§ **THE PROBLEM**
Once the line containing "Syringes are filled" appears, output it and each remaining line of the records below exactly, with no pictures and nothing more.

(Saved entries)
● ● ● ● ●

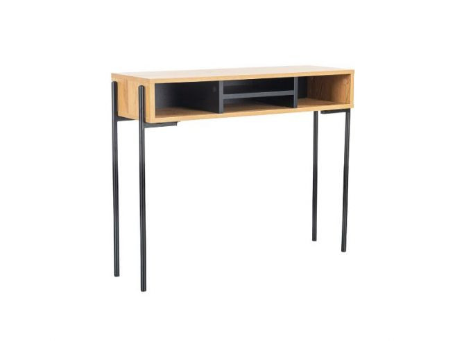 Natural Oak melamine, powder-coated Black metal legs, Black hardware and accents.
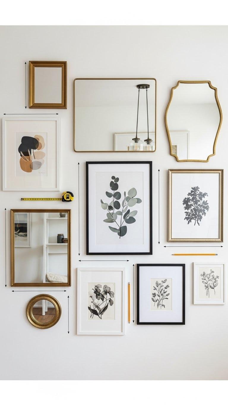 Measure twice and mark once: hanging framed art and mirrors with deliberate spacing keeps your walls looking balanced and intentional.
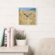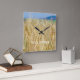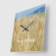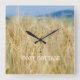 Wall Clock featuring a photo of summer rural landscape. We see yellow wheat fields under the blue sky. Rustic accent to your living space, stylish gift for country and farmhouse style lovers. You can replace the text "Cozy cottage" with your own message or delete it. For further modifications (font style, font color, text position) click "Edit design”.
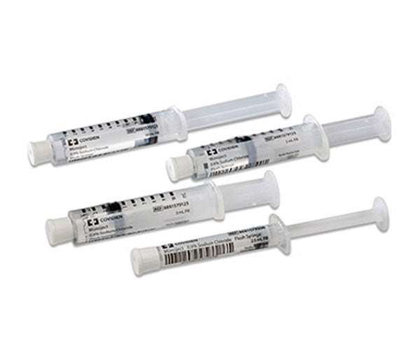 Syringes are filled with saline in a FDA-registered, cGMP controlled clean room. The Syrex Saline Flush syringes are 100% steam terminally sterilized, labeled and packaged in ready-to-use, unit-dose packaging. Prefilled catheter flush syringes provide the healthcare practitioner with a safe and effective alternative to manually drawing from multidose vials or manually filling flush syringes. Several studies have documented issues attributed to manually filled syringes.
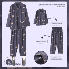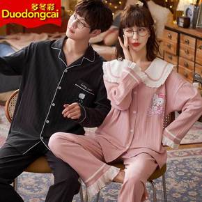 情侣睡衣春秋季棉质长袖韩版宽松开衫翻领家居服女加大...
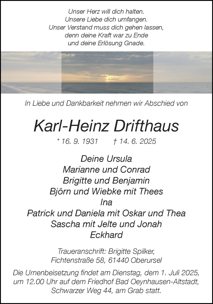 Hier finden Sie alle Traueranzeigen aus der Zeitung, die bisher für Karl-Heinz Drifthaus erschienen sind. Weitere Traueranzeigen, die in der Zeitung erscheinen, werden hier ebenfalls aufgelistet

● ● ● ● ●

§ **WRITTEN RESPONSE**
 Syringes are filled with saline in a FDA-registered, cGMP controlled clean room. The Syrex Saline Flush syringes are 100% steam terminally sterilized, labeled and packaged in ready-to-use, unit-dose packaging. Prefilled catheter flush syringes provide the healthcare practitioner with a safe and effective alternative to manually drawing from multidose vials or manually filling flush syringes. Several studies have documented issues attributed to manually filled syringes.
 情侣睡衣春秋季棉质长袖韩版宽松开衫翻领家居服女加大...
 Hier finden Sie alle Traueranzeigen aus der Zeitung, die bisher für Karl-Heinz Drifthaus erschienen sind. Weitere Traueranzeigen, die in der Zeitung erscheinen, werden hier ebenfalls aufgelistet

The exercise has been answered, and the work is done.